The ability to present a full service catalog shouldn’t be diminished.  It is a huge feature – enabling instantiation of services in the same way, no matter where the backend cloud or on-premises.  On-premises is new territory for most enterprises with cloud services.  Enterprise is slow to change, but if the cloud cliff is real, more companies will face making the decision and brining those cloud-native services back on-premises for some use cases.

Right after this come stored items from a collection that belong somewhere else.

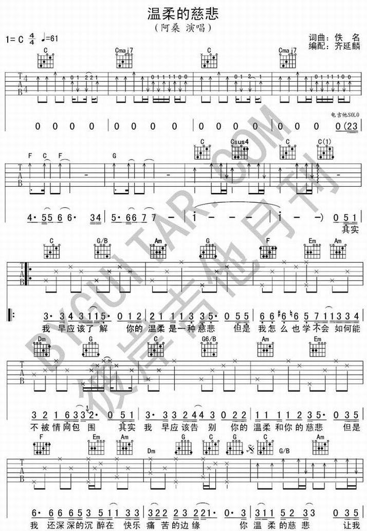 复制到“记事本”里,保存为: 温柔的慈悲-阿桑.lrc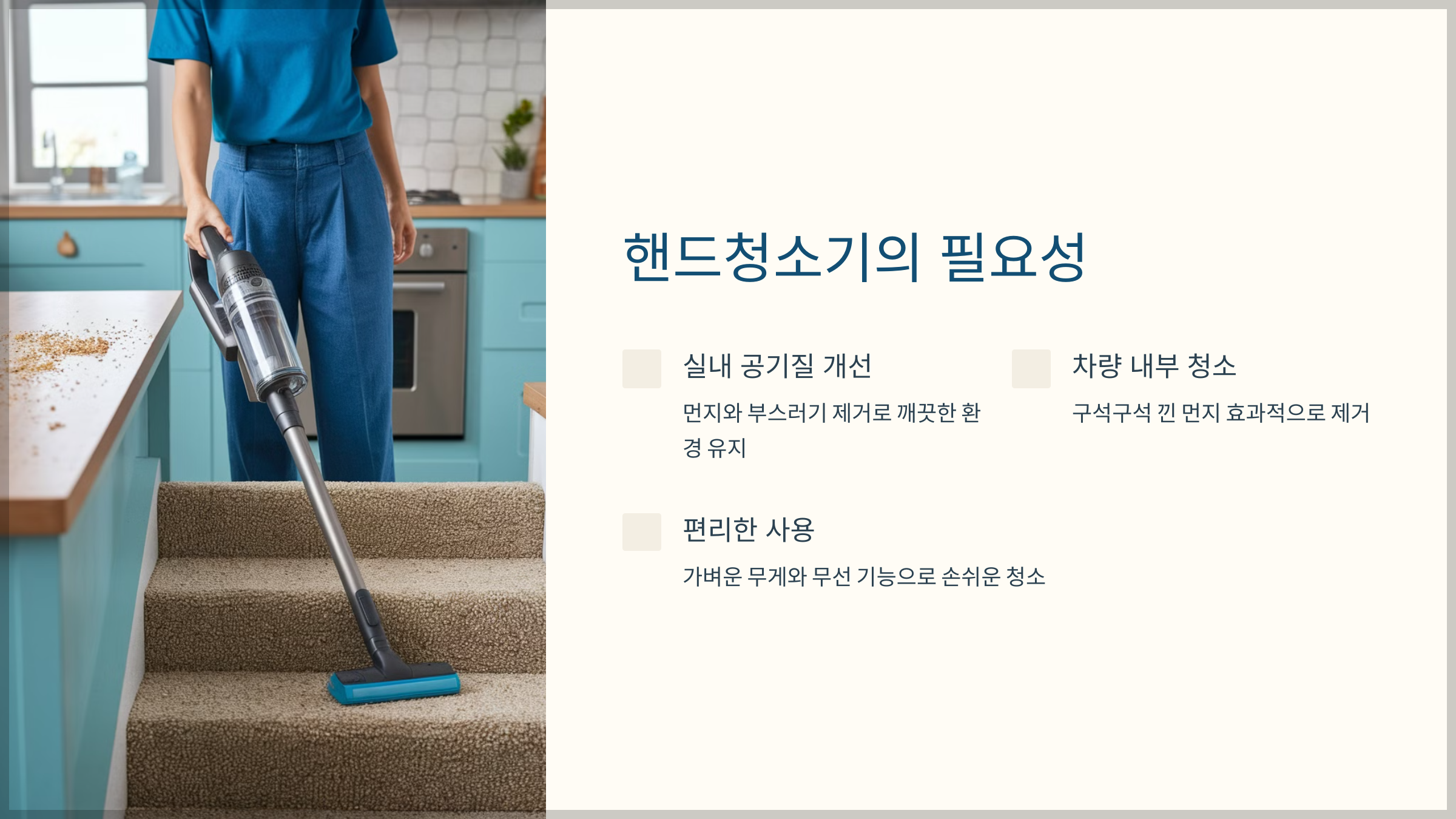 핸드청소기는 작은 부피로 빠르고 간편하게 청소하는 데 큰 도움이 됩니다. 특히 무선핸드청소기는 차량용핸드청소기로도 활용이 가능해, 애매한 공간을 청소하는 부담을 확 줄여줍니다.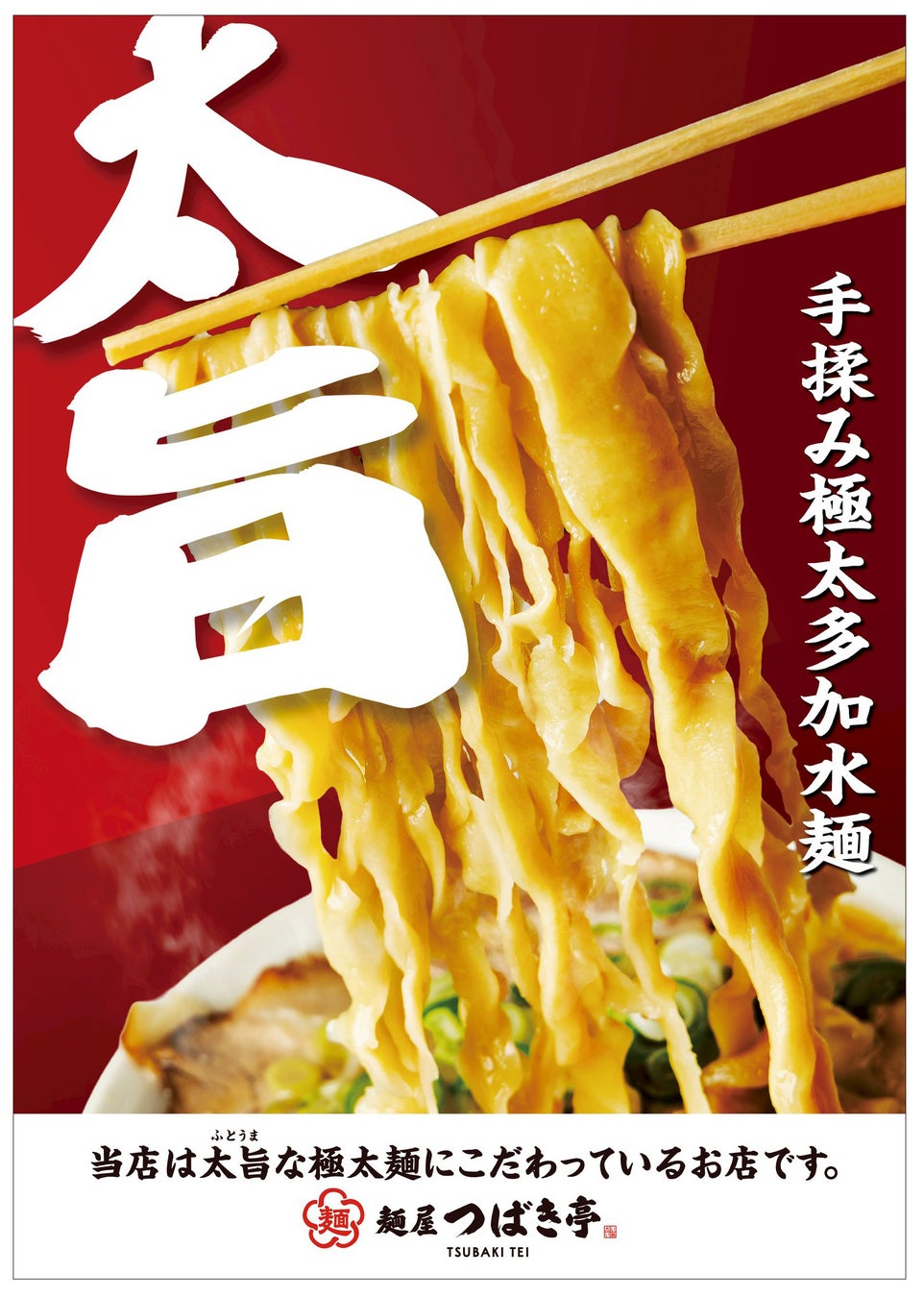 『麺屋つばき亭』では、圧倒的な「太さ」と「旨さ」を体験できる“太旨麺”に加え、お得なサービスを提供。

What I do not hear HPE talking about is migration of services from one cloud to another.  While it may be included, this is typically the achilles heal for most cloud discussions.  This is easier to accomplish with micro-services and new stack development than with traditional workloads.  Bandwidth constraints and incompatibilities between clouds still exist for traditional workloads.   And I didn’t get far enough into the system on the show floor to see how an enterprise could leverage the system to deploy their own cloud-native code, or simply draw insights from the cloud-native code deployed.

Final Impressions

Project New Stack was the most interesting thing that I saw HPE Discover this week.  While HPE has been developing software defined capabilities for its infrastructure, what has been lacking is an interface to integrate it all together.  OneView is a great infrastructure-focused product made for defining and controlling the full on-premises infrastructure stack.  Its incredibly important to allowing cloud-like operations on-premises.  In the early forms, it won’t tie everything up in a nice little package, but it is early and that’s intention on HPE’s park to get the product out and into the hands of customers and then refine.